→ WHAT YOU HAVE TO DO:
Only the lines from the one holding "みんなが見上げる満開の桜の下に咲いていた蒲公英" to the end of the data should be echoed, exactly as they appear, minus the pictures.

Top of SUPPLIED INFORMATION

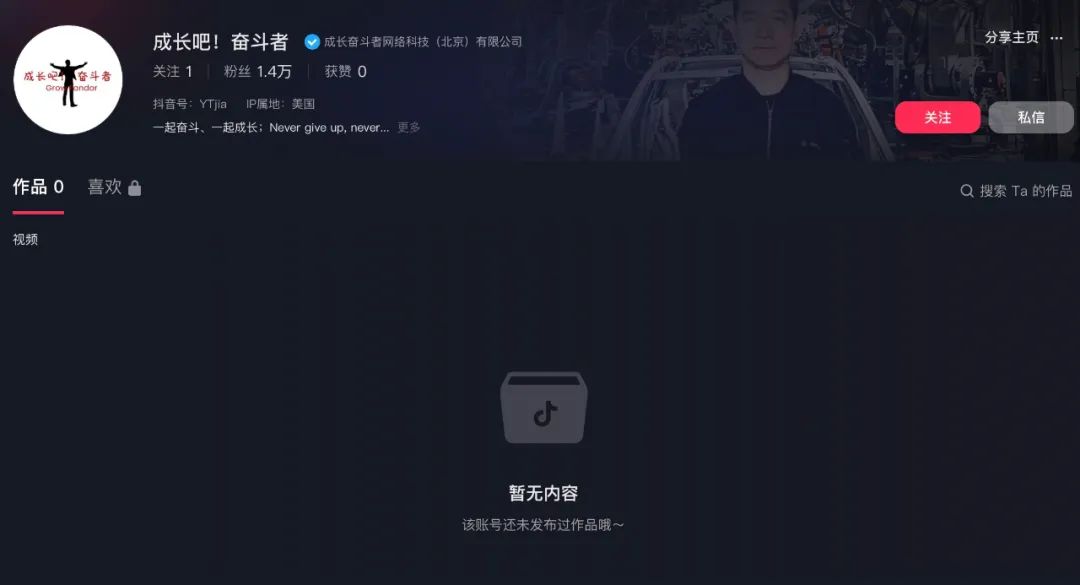 截至10月16日,“成长吧奋斗者”抖音账号的粉丝量仅为1.4万。据了解,该账号曾发布相关视频,获赞2.2万左右,但视频现已被删除。另外,此前其商品橱窗曾推出了199件商品,目前这些商品也已被清空。
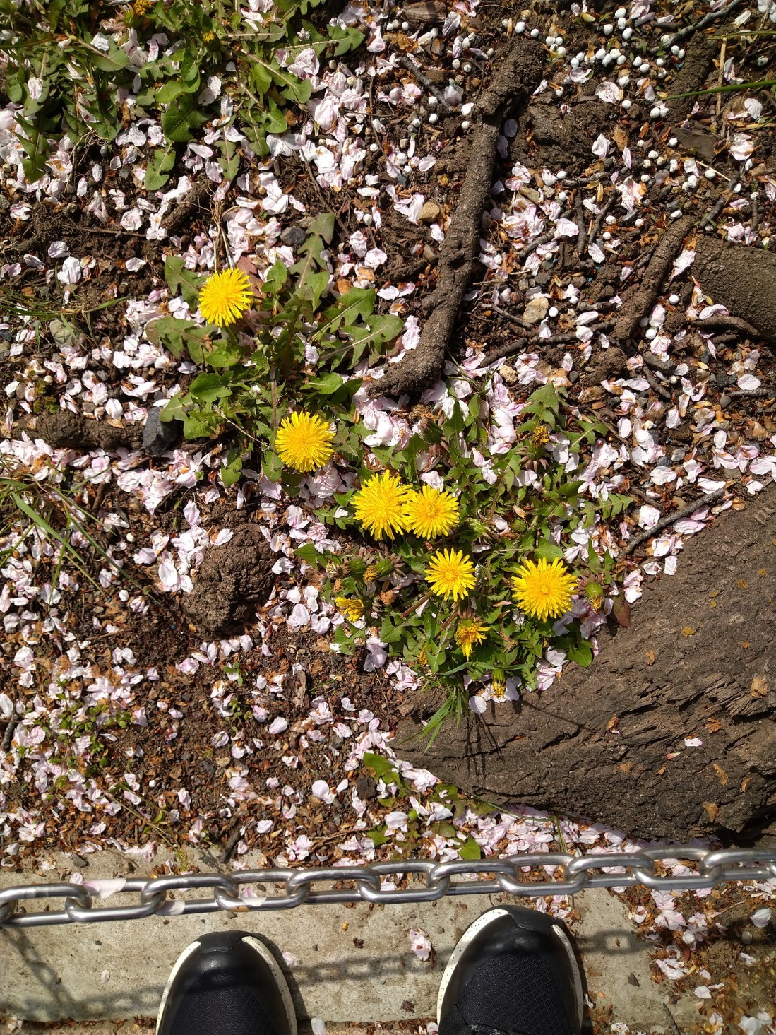 みんなが見上げる満開の桜の下に咲いていた蒲公英
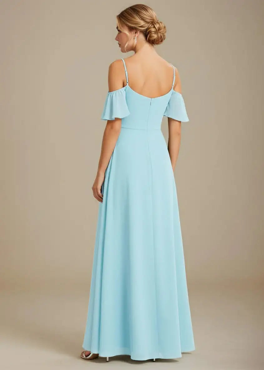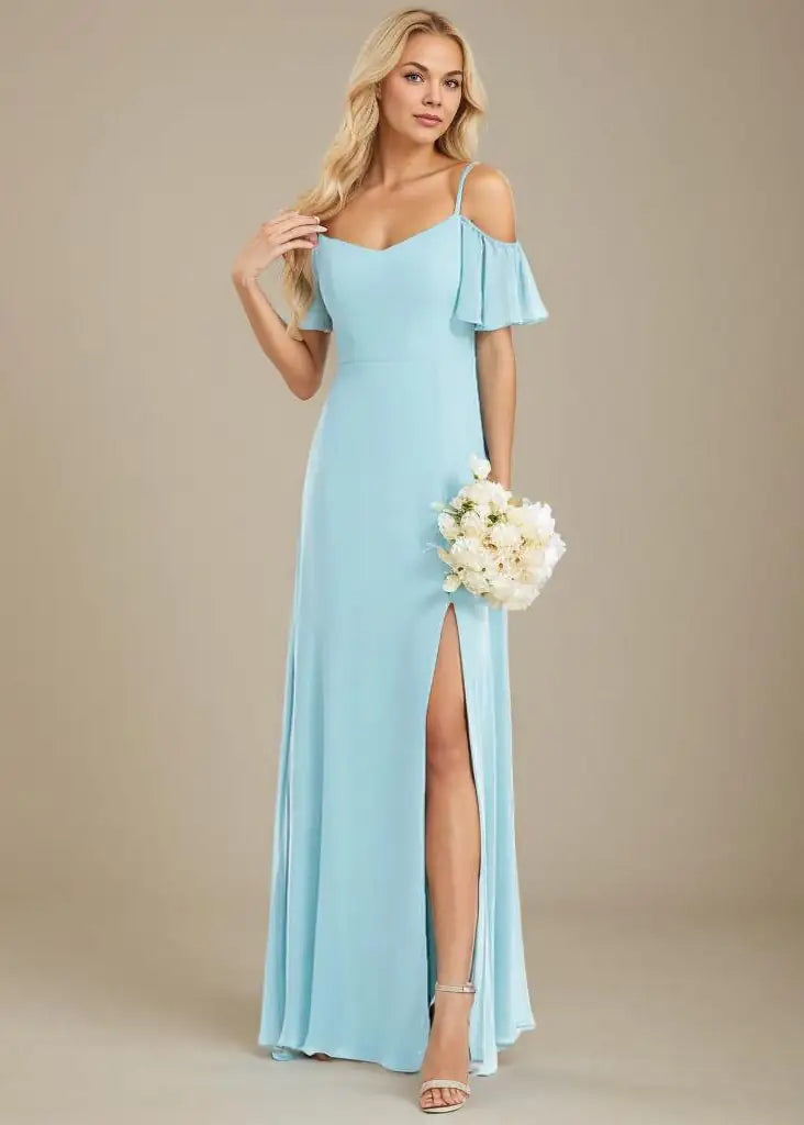 Glamorous drop shoulder ball dress with thin adjustable straps. This dress is lined and does up at the back with a concealed zip. It features a front-side split, thin straps and drop flutter sleeves. Such a gorgeous look and favoured by many.

Bottom of SUPPLIED INFORMATION

→ YOUR RESPONSE:
 みんなが見上げる満開の桜の下に咲いていた蒲公英
 Glamorous drop shoulder ball dress with thin adjustable straps. This dress is lined and does up at the back with a concealed zip. It features a front-side split, thin straps and drop flutter sleeves. Such a gorgeous look and favoured by many.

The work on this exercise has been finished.